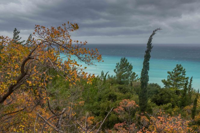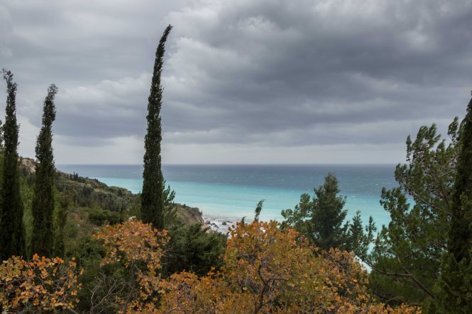 Wir kurven die breite Straße wieder hinauf, lassen die ein oder andere Bucht aus und sparen sie für einen nächsten Besuch früher im Jahr auf. In KALAMITISI probieren wir dann doch die Abfahrt. Viele Kurven ziehen sich, mit Steinen übersät, hinunter. Die bunten Blätter und die frei wachsenden Zypressen (ganz anders in der Toskana, wo sie in Reih und Glied stehen müssen) geben einen tollen Kontrast zum blauen Wasser und dem grauen Himmel. Die Bucht ist kilometerlang, kein weiterer Besucher ist hier, sonst gibt es nur ein paar verlassene Imbisshütten. Wieder ein traumhafter Ort zum Verweilen. Doch der Südwind hebt uns fast von den Beinen, unser Kopf fühlt sich wie beim bekannten bayerischen Föhn an. In KATHISMA finden wir einen etwas ruhigeren Platz am Strand, der zwar etwas zugebaut und verschandelt ist, doch breit genug, damit uns die Wellen nicht erreichen. Gegen Abend suchen wir den Windschatten einer Taverne auf. Die Wellen schlagen weiter mit Macht und Getöse auf den Strand, ans Baden denkt nicht einmal der Peter.
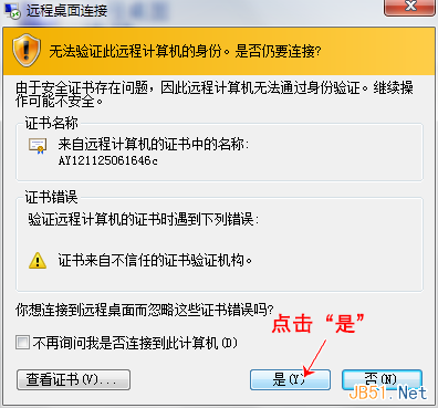 連接并且不向我發(fā)出警告:使用此選項(xiàng),即使遠(yuǎn)程桌面連接無(wú)法驗(yàn)證遠(yuǎn)程計(jì)算機(jī)的身份,它仍然會(huì)連接。
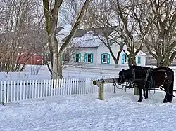 Contrary to the preferences of the Canadian government, the early settlers of Steinbach, like other Mennonite villages, organized the village into a Strassendorf, or street village, with each family occupying a long narrow strip known as a Wirtschaft.[8] In the first year they built temporary shelters known as semlin, before building more permanent housebarns. Most of the settlers were farmers, but in a somewhat urban setting, and lived, to some degree, communally, and shared a common pasture at the end of the village. They started a school in the first year, and in the following year of 1875 built a school and teacherage.[11] Steinbach's Main Street was hacked out of thick poplar bush along the creek, where a bison trail ran, a trail that was still used by Indigenous people during Steinbach's early years.[9]
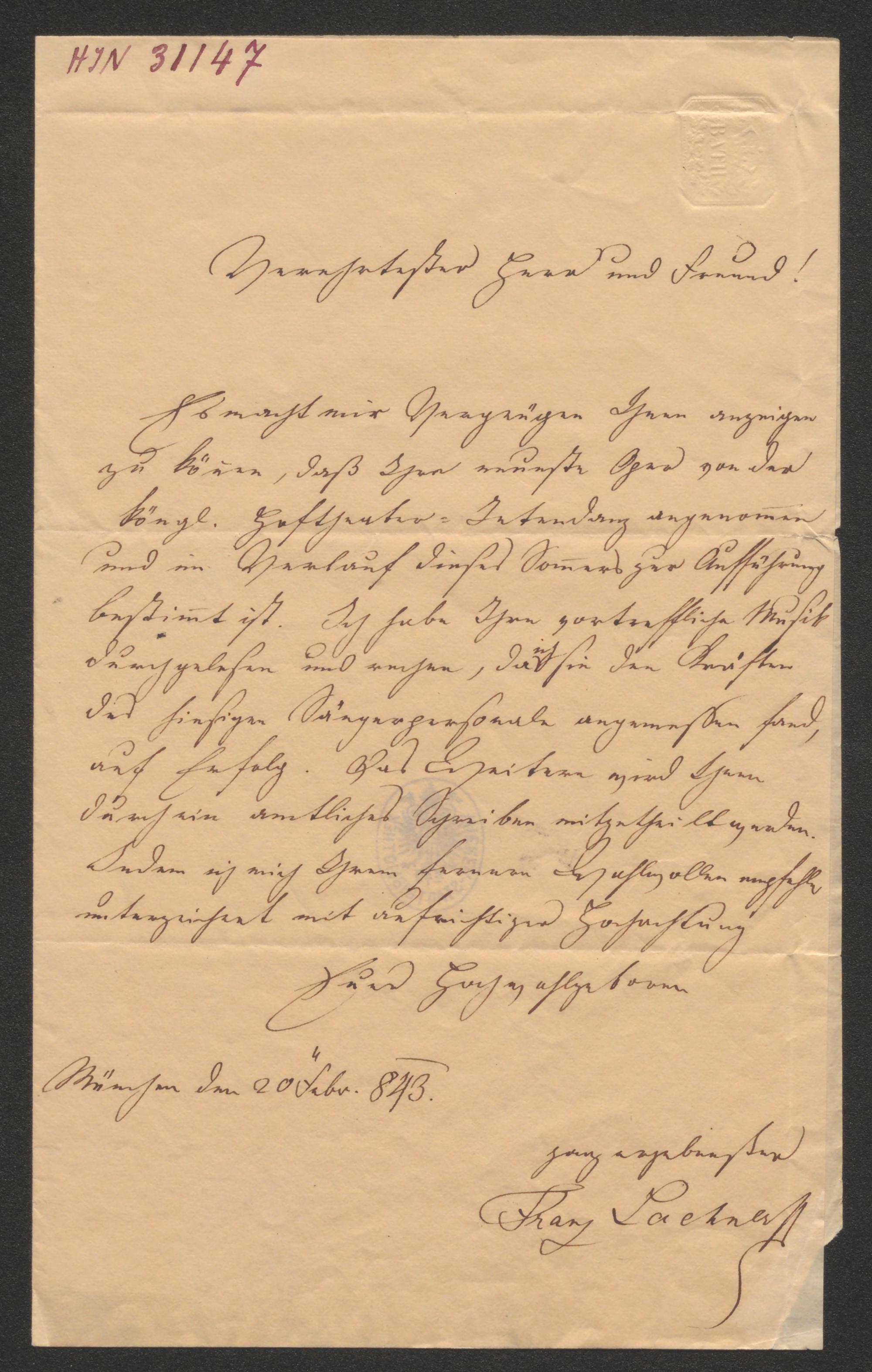 Brief an Johann Vesque von Püttlingen
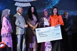 颁奖后,蔡蕙朱园长与州元首敦泰益玛目,州元首后拉嘉古迪泰益及拿督斯里法蒂玛陈赛明等人合影。
☆ ☆ ☆ ☆ ☆
Directions for this task: Pictures stay out. Repeat only the lines from the beginning of the data through the line that has "連接并且不向我發(fā)出警".

Exercise solution:
 Wir kurven die breite Straße wieder hinauf, lassen die ein oder andere Bucht aus und sparen sie für einen nächsten Besuch früher im Jahr auf. In KALAMITISI probieren wir dann doch die Abfahrt. Viele Kurven ziehen sich, mit Steinen übersät, hinunter. Die bunten Blätter und die frei wachsenden Zypressen (ganz anders in der Toskana, wo sie in Reih und Glied stehen müssen) geben einen tollen Kontrast zum blauen Wasser und dem grauen Himmel. Die Bucht ist kilometerlang, kein weiterer Besucher ist hier, sonst gibt es nur ein paar verlassene Imbisshütten. Wieder ein traumhafter Ort zum Verweilen. Doch der Südwind hebt uns fast von den Beinen, unser Kopf fühlt sich wie beim bekannten bayerischen Föhn an. In KATHISMA finden wir einen etwas ruhigeren Platz am Strand, der zwar etwas zugebaut und verschandelt ist, doch breit genug, damit uns die Wellen nicht erreichen. Gegen Abend suchen wir den Windschatten einer Taverne auf. Die Wellen schlagen weiter mit Macht und Getöse auf den Strand, ans Baden denkt nicht einmal der Peter.
 連接并且不向我發(fā)出警告:使用此選項(xiàng),即使遠(yuǎn)程桌面連接無(wú)法驗(yàn)證遠(yuǎn)程計(jì)算機(jī)的身份,它仍然會(huì)連接。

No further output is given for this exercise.